2.2. Structural analyses

RNA secondary structures were predicted using the RNA Folding Form of the Mfold web server (Zuker, 2003) at a temperature of 37 °C. The RNA folding was limited to a maximum distance between paired bases of 75 nucleotides. The structures were predicted for the ORF8 gene region and the 50-nucleotide flanking regions with a total length of 466 nucleotides.

2.3. Phylogenetic analyses

Median-joining network (Bandelt et al., 1999) and mismatch distribution were calculated using the Network V10.1.0.0 software (http://www.fluxus-engineering.com) using default parameters. Bayesian analyses were performed with MrBayes on XSEDE (3.2.7a) software (Ronquist and Huelsenbeck, 2003) running on the CIPRES Science Gateway (Miller et al., 2010). The Metropolis-coupled Markov chain Monte Carlo process was set with two runs of four independent chains running simultaneously for 4,000,000 generations using the GTR + I + G mutation model. The average standard deviation of split frequencies of the final DNA tree was 0.007801 and the protein tree was 0.007183. A burn-in value of 0.25 was applied. Trees were edited in FigTree v1.4.2 (http://tree.bio.ed.ac.uk/software/figtree/).

3. Results

3.1. SARS-CoV-2 ORF8 has neither paralogues nor orthologues outside Betacoronavirus lineage B (subgenus Sarbecovirus)

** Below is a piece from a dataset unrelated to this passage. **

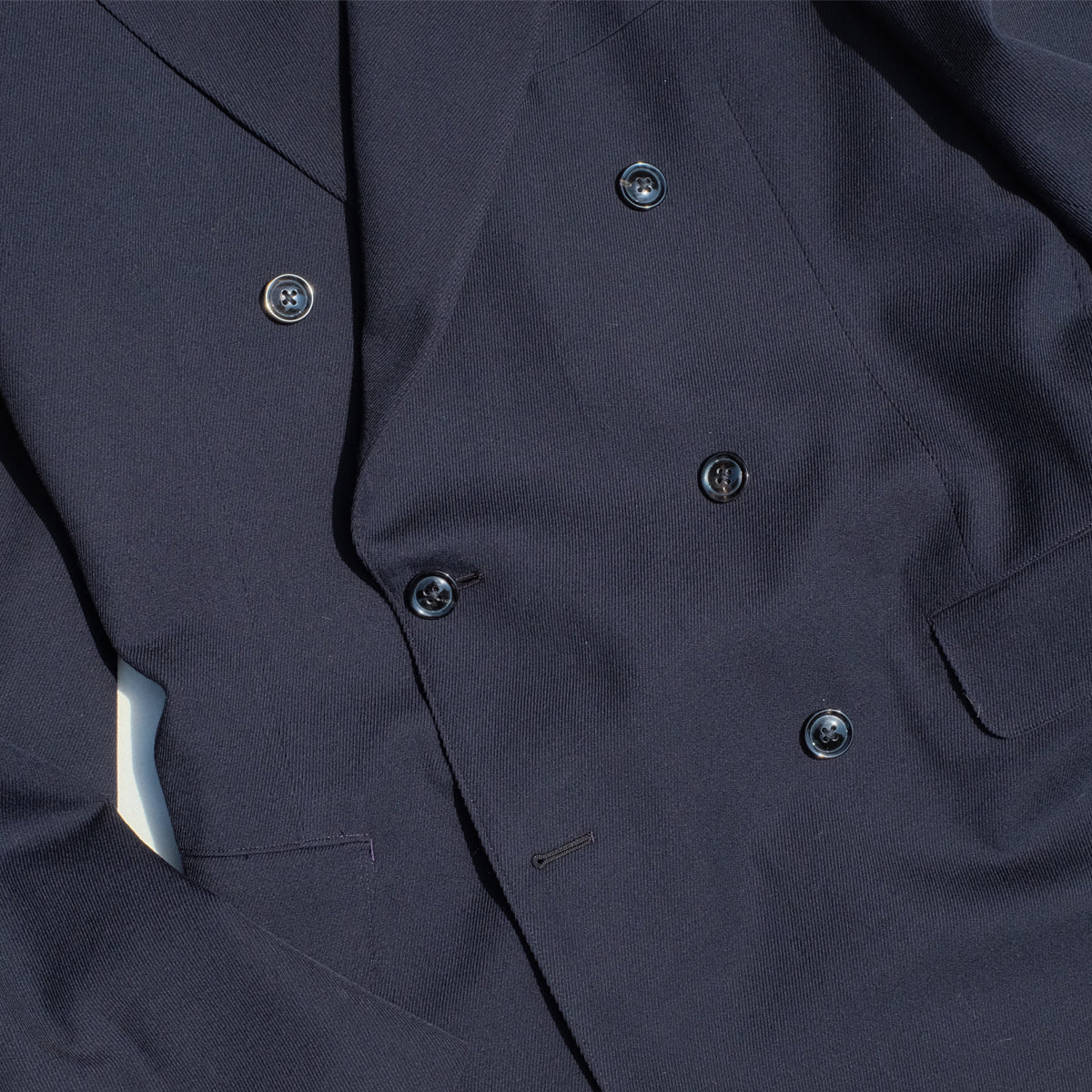 The double-breasted jacket, which has its roots in military officers' uniforms, is said to have been created so that the direction of the seam could be changed depending on the direction of the outside wind.

SARS-CoV-2 open reading frame 8 (ORF8) gene only has homology in genomes of other lineage B betacoronaviruses (Fig. 1B). The attempts to align SARS-CoV-2 ORF8 with the full genome of other viruses failed (Fig. 1C). Similarly, blast searches with SARS-CoV-2 ORF8 DNA and protein sequences did not retrieve any match besides lineage B. Studies on SARS-CoV ORF8 also fail to identify homologies outside lineage B (Lau et al., 2015; Wu et al., 2016), a scenario that did not change with the new SARS-CoV-2 ORF8.

ORF8 is located between the M and N genes, in a cluster that also includes ORF6, ORF7a and ORF7b (Fig. 1A). It has been shown that gene duplication is rare in RNA viruses, but a few cases have been observed (Simon-Loriere and Holmes, 2013). Therefore, I tested the hypothesis that the cluster ORF6-ORF7a-ORF7b-ORF8 in SARS-CoV-2 may have evolved via past gene duplication events, resulting in paralogues. The highest similarity was found between ORF8 and ORF7a within SARS-CoV-2, with a percentage of identity of 45% for DNA and 18% for protein comparisons (Fig. 1C). The observed low similarity does not support the existence of paralogues resulting from a previous duplication event within this gene cluster.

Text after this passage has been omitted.